The present invention relates to the field of Light Emitting Diode (LED) driving systems and LED driving methods for lighting LEDs.
More specifically, the present invention relates to driving LEDs in lighting applications. Currently, LED driver circuits are complex and often include feedback circuits to keep the current through an LED constant. For example, U.S. Pat. No. 6,836,157 issued to Rader et al., teaches a plurality of LEDs driven in parallel, in at least two modes. In a first mode, the LEDs are driven with a first voltage. In subsequent modes, the LEDs are driven with successively higher voltages. The forward voltage drop for each LED is monitored, and the driver switches from the first mode to successive modes based on the largest of the LED forward voltage drops. The current through each LED is controlled by a reference current through a first digitally controlled variable resistance circuit, and directing the LED current through a second digitally controlled variable resistance circuit having substantially a known ratio to the first variable resistance circuit and connected in series with the LED. A digital count is altered based on a comparison of the first and second currents, and the first and second variable resistance circuits are simultaneously altered based on the digital count.
However, in some lighting applications, multiple LED's are driven together to achieve the requisite luminosity. In these lighting applications the LED's are activated and light up simultaneously. For example, U.S. Pat. No. 6,756,893 issued to Fernandez teaches a plurality of light emitting diodes that are mounted on a base that surrounds a primary vehicle light source such as a headlight. A control circuit senses when the primary light source fails to provide the requisite light, and applies power to the light emitting diodes so that the vehicle can continue safely without loss of the function served by the primary light source. LEDs are also used in applications such as garden lights or outdoor lights typically used in residential applications to light walkways or to provide decorative illumination in yards or gardens, as taught in US Patent Application Publication No. 2007/0091598 by Chen which discloses low voltage garden lights incorporating LEDs.
Another such example of LED applications is U.S. Pat.

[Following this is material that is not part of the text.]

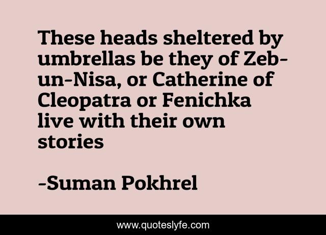 This page presents the quote "These heads sheltered by umbrellas be they of Zeb-un-Nisa, or Catherine of Cleopatra or Fenichka live with their own stories". Author of this quote is Suman Pokhrel. This quote is about catherine, cleopatra, equality, zeb-un-nisa, fenichka,.
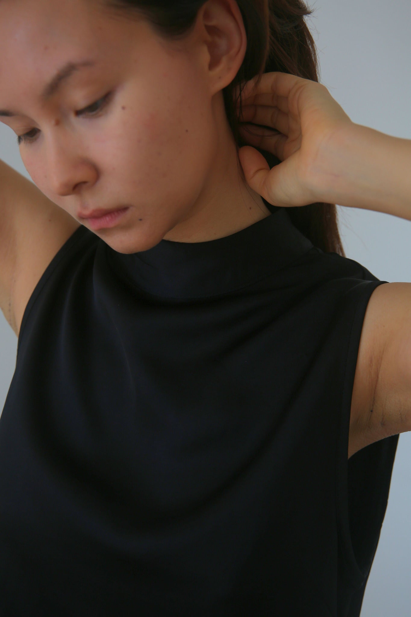 Pia is a chic and versatile, sleeveless high neck top. Crafted from the same luxurious recycled viscose satin as our trousers, offering a fluid drape and soft sheen.

No. 5,896,084 issued to Weiss et al., which teaches a tail light assembly for a motor where at least one of the rear lights, the brake light and the turn signal light is comprised of LEDs and has a control device for operating the LEDs at a constant current for a given voltage range.
In addition, U.S. Pat. No. 7,685,753 issued to Slowski teaches an illuminated, shallow weatherproof signage character that has individual three dimensional back-lighted/front/side and/or silhouette-lighting, with miniature, LED lamps concealed in the character.
Other refinements to LED driver circuits include addition of dimming capability, improvements in current control, and design simplification. US Patent Application Publication No. US 2010/0295478 A1 to Wei et al. teaches an LED driving circuit adapted to couple with a power supply and phase control dimmer to provide stable dimming performance. Also, US Patent Application Publication No. US 2011/0140622 A1 to Suzuki describes an LED driving circuit that uses a phase-controlled dimming circuit for constant current drive with a bleeder circuit included. U.S. Pat. No. 7,977,891 to Shiu et al. teaches an LED driving circuit comprising a transistor switch and a feedback controller. The invention uses voltage sensing feedback for current control. US Patent Application Publication No. US 2009/0315480 A1 to Yan et al. is a brightness-adjustable LED driving circuit with power factor correction. US Patent Application Publication No. US2010/0072898 A1 to Ohashi et al. teaches an LED driving circuit with serially connected LEDs using a switching device to control current flow, and another patent, U.S. Pat. No. 7,138,770 to Uang et al. is an LED driving circuit that is directly activated by an AC power supply. The LEDs are directly driven by placement within the bridge rectifier circuit.
The above mentioned patents and applications teach regulation of LED drive current of an LED string but do not teach reconfiguring the LED string for control of drive current.
Most LEDs are current devices and operate at specific current levels that are functions of the supply voltage. The current increases rather quickly as the voltage increases beyond the optimum level. Conventional LED driver circuits are essentially power supply units that regulate either the output voltage or the current. They do not make use of the fact that many LEDs are typically strung together to have a reasonable voltage drop across the string.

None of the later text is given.